Pontius had received a rough draft of a study of Marinette County housing needs, but a few revisions were needed before it can be released. O'Brien said for example the study found average rent in the City of Peshtigo was $1,500 a month, but closer look showed they had included assisted living apartments in that total.

Deschane questioned the 1,200 housing units show for Wausaukee. He said there are not that many residents in the whole village. He also wondered why Wausaukee and Crivitz are identified in the study as "secondary markets."

The 55-page report cost $12,000, but much of the cost is being paid by the four banks and other groups that helped sponsor it.

Deschane commented the housing study documents will give them something to show developers, "This is why we need multi-family housing in Marinette."

The study was commissioned as part of the long term plan for developing Marinette County. Employers have said they have a problem getting workers, partly because potential employees have a hard time finding suitable places to live.

Pontius reported he and O'Brien have done a lot of marketing of the MCOE building, and escorted a lot of tours.

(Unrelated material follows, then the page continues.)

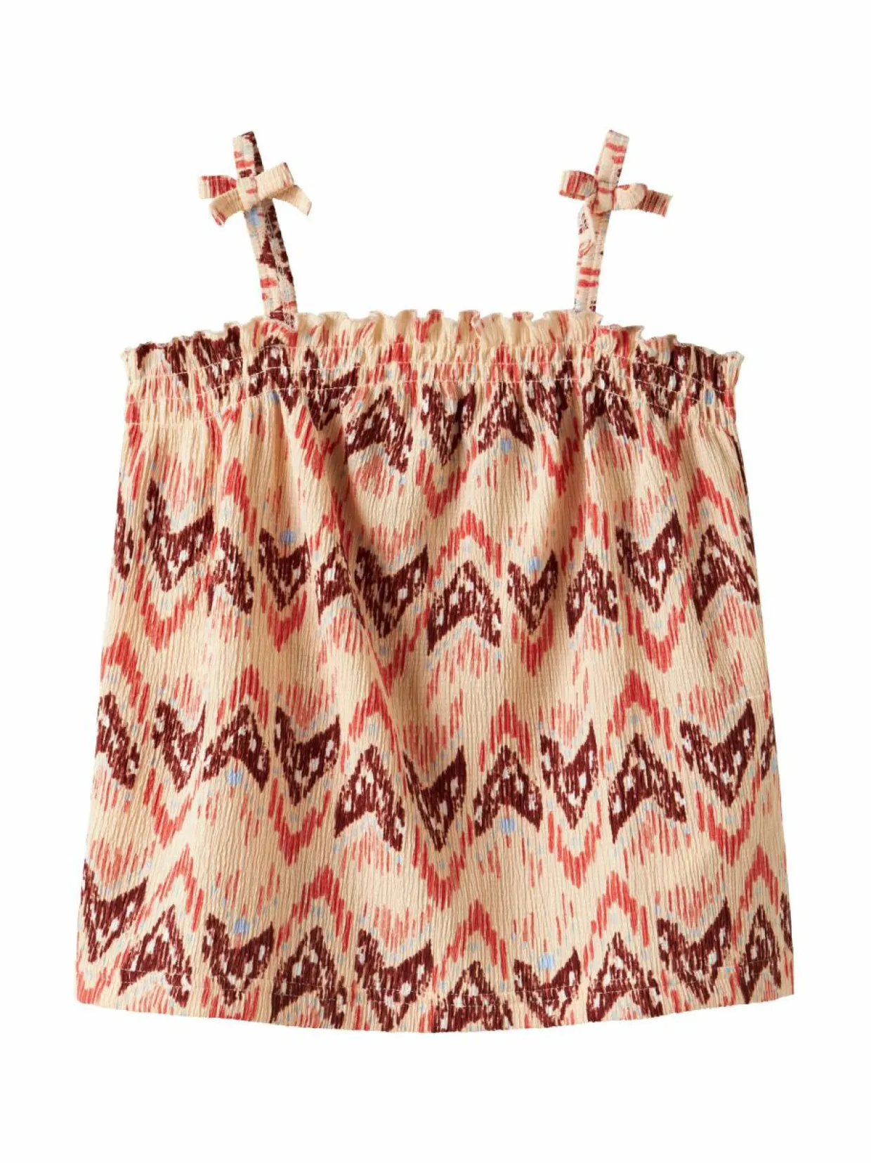 Kevyt ja joustava toppi, jossa on ohuet olkaimet ja yksinkertainen muotoilu. Toppi on valmistettu joustavasta polyesterin ja elastaanin sekoituksesta, mikä takaa miellyttävän tunteen ihoa vasten ja hyvän liikkuvuuden. Polyesteri tuo toppiin kestävyyttä ja auttaa sitä säilyttämään muotonsa, kun taas elastaani antaa sille lisäjoustoa. Topin ilmava ja kevyt materiaali tekee siitä täydellisen lämpimiin päiviin.

They are encouraging non-profit groups to use space there to get more public exposure.

CTD, the MCOE's first industrial client, has moved in and is making a specialized part for a military vehicle. They also have a "virtual client," who works as a computer programmer. This is a trade-off, Pontius said. "He has IT skills and maker space skills, and in lieu of part of his rent he will be our on-site IT guy. This is going to be an exceptionally good arrangement!"

Pontius reported he is continuing to work on the potential cheese factory in Coleman. He had visited a dairy in Pound, and was surprised by the number of migrant workers. He had met with Hartnell and Congressman Mike Gallagher, and he and Gallagher will be visiting Niagara and the Northland College campus in Pembine.

The Coleman cheese factory would add perhaps 65 jobs, a proposed new call center would bring in 100 to 125 jobs, and another business from an adjacent county is looking at expanding to the central part of Marinette County.

This led to discussion on need for more workers. Phillips said there are 500 unfilled jobs in the Niagara/Iron Mountain area, "and there's no way in sight to get people to fill them. We have to get involved in some programs to get skilled people to come to this county!" He said the shortage of workers is in fact a nationwide problem.

Deschane agreed community development is needed, but said there are a significant number of unemployed people in Marinette county, "We need to get them trained and working!"

"Home grown talent is part of the solution," Pontius agreed. He said it is good for kids to visit industries and hopes they will come to the MCOE to see its Maker Space area, ""which is something dear to my heart."

"There's a great deal of what you're talking about going on right now in our schools," Supervisor Al Mans said. As least 20 years ago MCABI had started urging schools to offer more hands-on training to produce skilled workers.